The Centre’s move will allow airlines to roll out special fares and promotional offers for the festive season, and smaller players will be able to shore up their cash flows.

It will help airlines to better stimulate the market, said independent aviation analyst Ameya Joshi, the founder of the website NetworkThoughts. “But, if traffic picks up and there is considerable travel during the holiday season, passengers could have to shell out more (as airlines could hike fares in the absence of fare bands beyond 15 days’ booking period)," he added.

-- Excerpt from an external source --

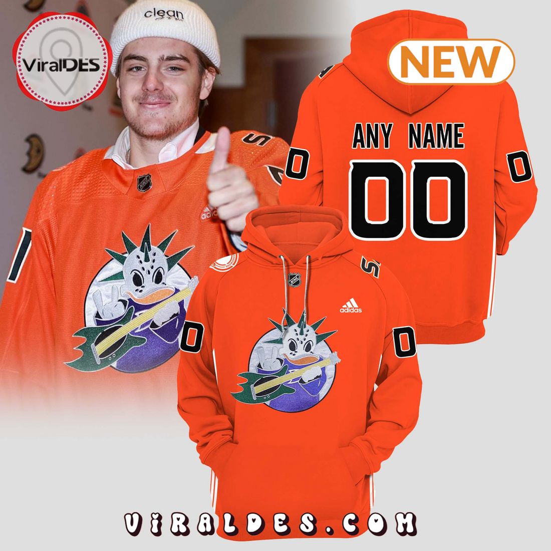 Custom NHL Anaheim Ducks Orange Design Hoodie

Airline officials have also been lobbying with the government to relax the curbs on capacity, which were put in place due to the pandemic.

Consequently, the Centre recently allowed domestic carriers to operate at 85% of their pre-covid capacity, up from 72.5%. Airlines hope to operate at 100% of pre-covid capacity by the end of 2021, and expect air travel demand to make a strong recovery after the festive season with the pace of vaccination picking up in India.

However, considering that passenger count in early September was only about 60% of pre-covid level with the flight count at about 67%, according to data from NetworkTho-ughts, airlines will have to simulate the market to reach pre covid levels by the year-end.

“Airlines have been financially bruised during the pandemic, so there is unlikely to be a fare war. So, demand is likely to drive prices in most cases," said Mark Martin, chief executive of aviation consultancy Martin Consulting LLC.